The Underdogs We Protect, the Underdogs We Create

conflicts braindump
During the last maybe 10 years of my open-source involvement, I have
seen a lot of conflicts. Some of them involving myself, some of them
I only witnessed, and some of them I helped to settle.  It was often
hard for me to look the other way. Trying to understand why, I star-
ted thinking about underdogs.  This is just me brooding, without any
conclusive thought.

What do I call an underdog? To me it’s just somebody who may feel or is left alone in an argument against all other involved people. Having been too often in such a situation myself, I know it can take a huge emotional toll.

I guess in the simplest case when somebody argues alone against others, there’s a visible, objective truth and they are technically wrong. Even in such a case, I believe it’s a good idea to show compassion. There must be a misunderstanding, so it’s best to figure out what was misunderstood exactly. It’s rarely that simple, though. Not all arguments are purely technical, and when not it’s hard to stay objective. That’s when I appear to side with the underdog. This feeling of compassion is sometimes paired with an urge to protect an open-source project, as, unfortunately often, the underdog is in a maintainer position.

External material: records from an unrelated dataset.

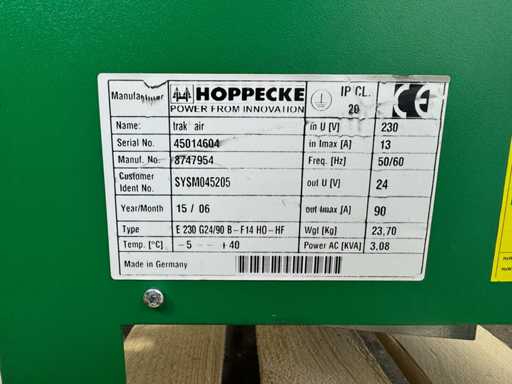 Ładowarka wózka widłowego Hoppecke Trak Air 24V 90A 2015
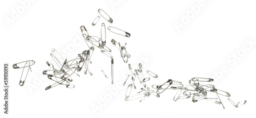 Safety Pin brooch pour fall down, explosion in air. Many safety pin small size splash fly in group floating. White background isolated high speed shutter freeze motion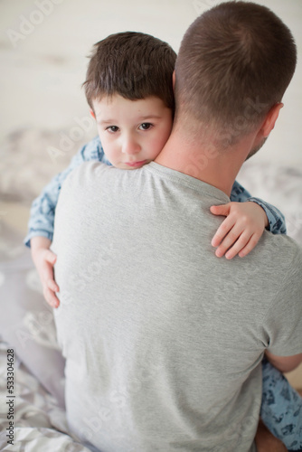 man, carrying, sad, boy, bed, home, family, 2, people, adult, children, ukraine, interior, preschool, toddler, pajama, crying, negative, emotion, sorrowful, backview, eltern, single, father, bedchamber, room, mid, pair, childhood, son, security, care, brown hair, togetherness, caucasian, lifestyle, male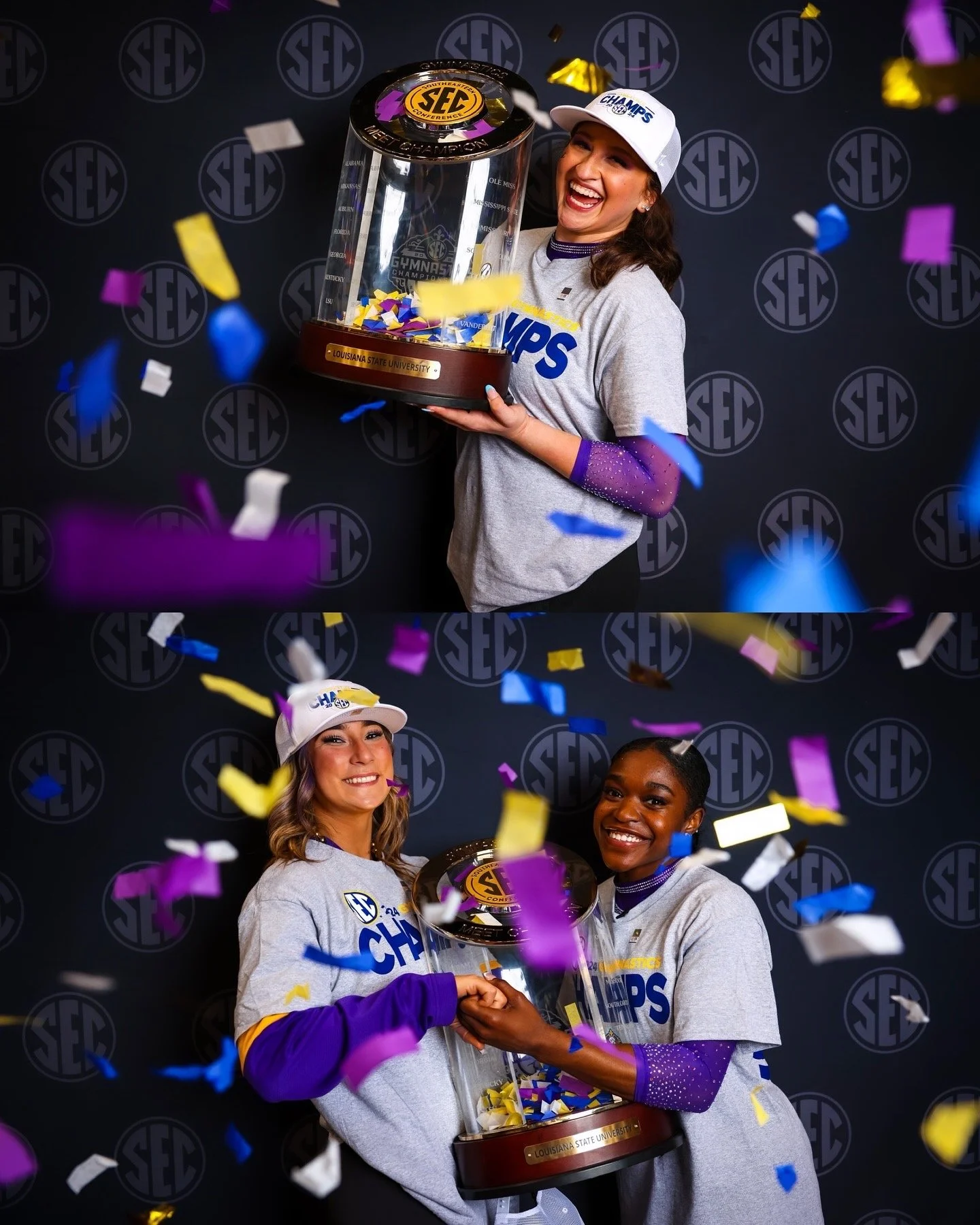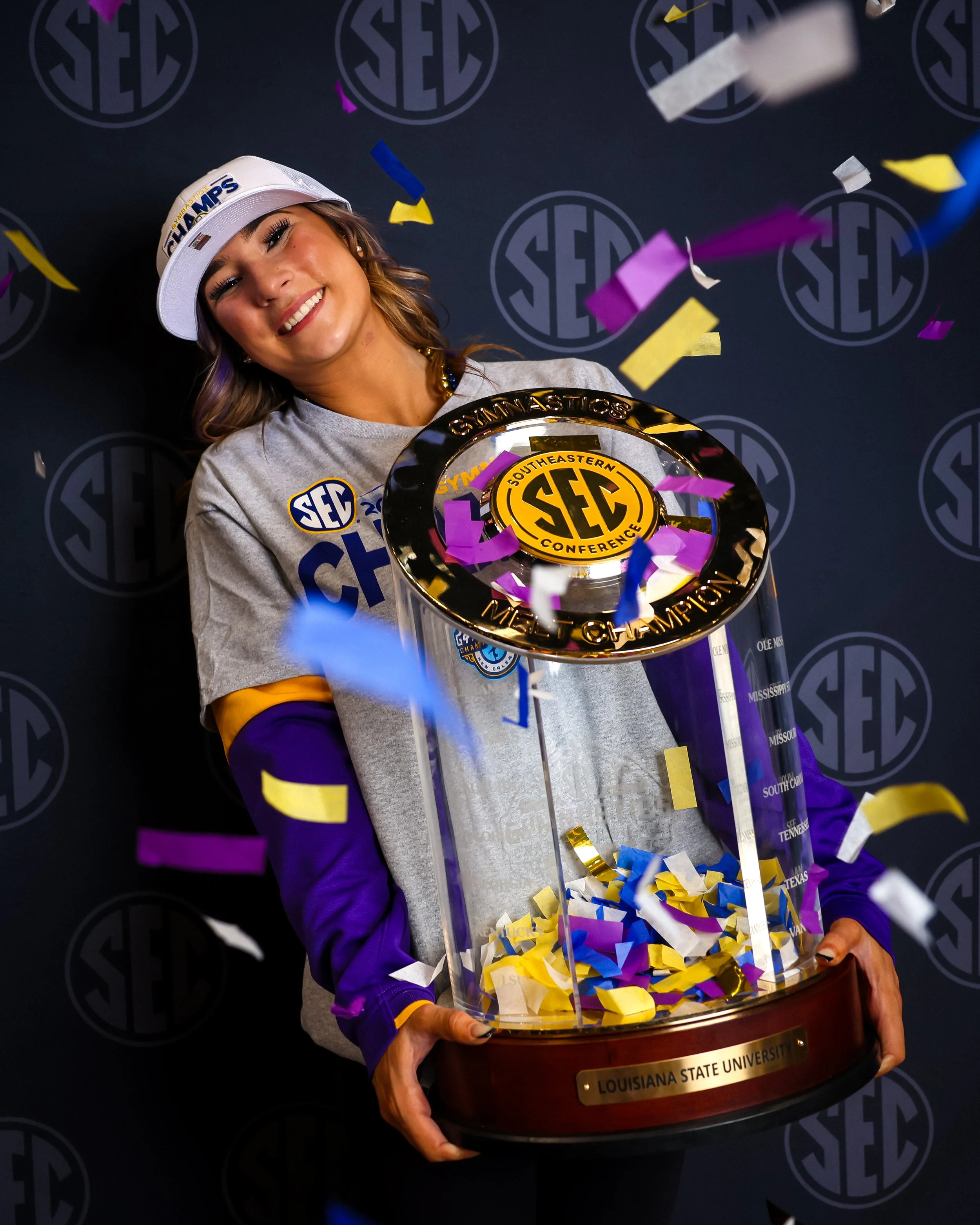 I worked with the SEC Social and Digital Media team to provide full coverage of the 2024 Gymnastics Championship. This included a photoshoot for all eight teams during their practice session, live in-meet photos for social media, Instagram stories, and a post-meet trophy photoshoot with the winning team. Photos were used on official @SEC Instagram, Twitter, Facebook and web pages.
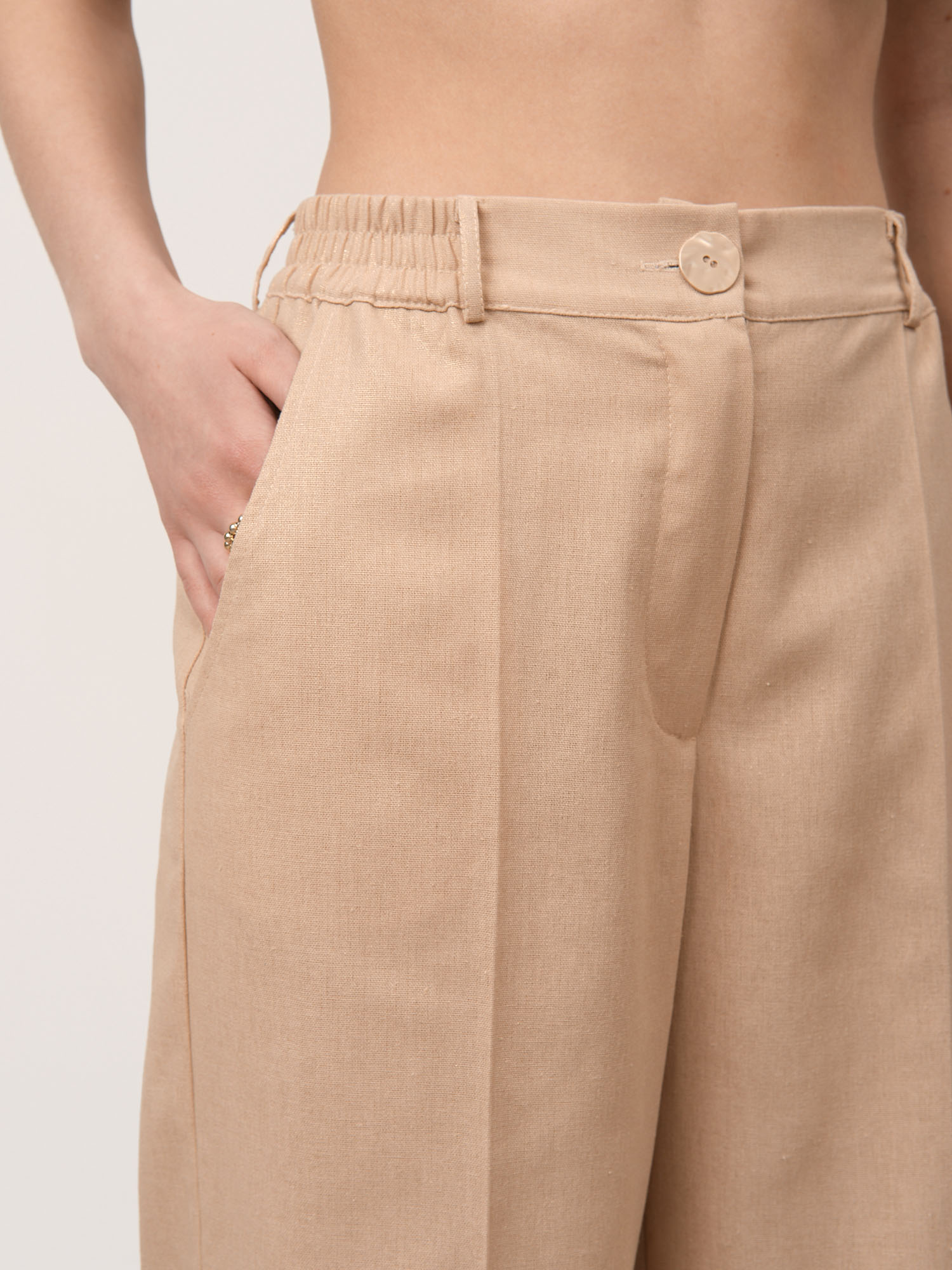 Шикарный золотистый оттенок! Брюки из натурального льна, очень легкие и комфортные. Ткань приятная на ощупь, не раздражает кожу.

But what can we do to defend somebody? We can take their side in an argument of course. And for many smaller disputes this can turn out well. It can, however, also escalate things further. The most naive thing I once did was to attack somebody with words only to show somebody else that they are not alone. I guess my silly thought was that better I would take the heat than they, because the opponents had to work in the same area, but I didn’t. Definitely no way to go, and I still regret the words I used when I read the thread today.

I believe one of the important things is to try to understand the situation, of all people involved. Most often it’s misunderstandings that keep people arguing. Taking somebody’s position may help with an underdog situation. But reading the same arguments from someone else probably won’t convince somebody on the other side. Something I learned far too late is the importance of approaching people in private, even if an argument is taking place in public. In my own experience, conflicts are often caused by something outside the project’s scope that people would rather not discuss in public. Could be something dull like a deadline, or maybe some technical, downstream requirement that actually shouldn’t be ignored. Resolving a misunderstanding, finding any way to settle a dispute, can also help everybody simply by getting them out of the situation.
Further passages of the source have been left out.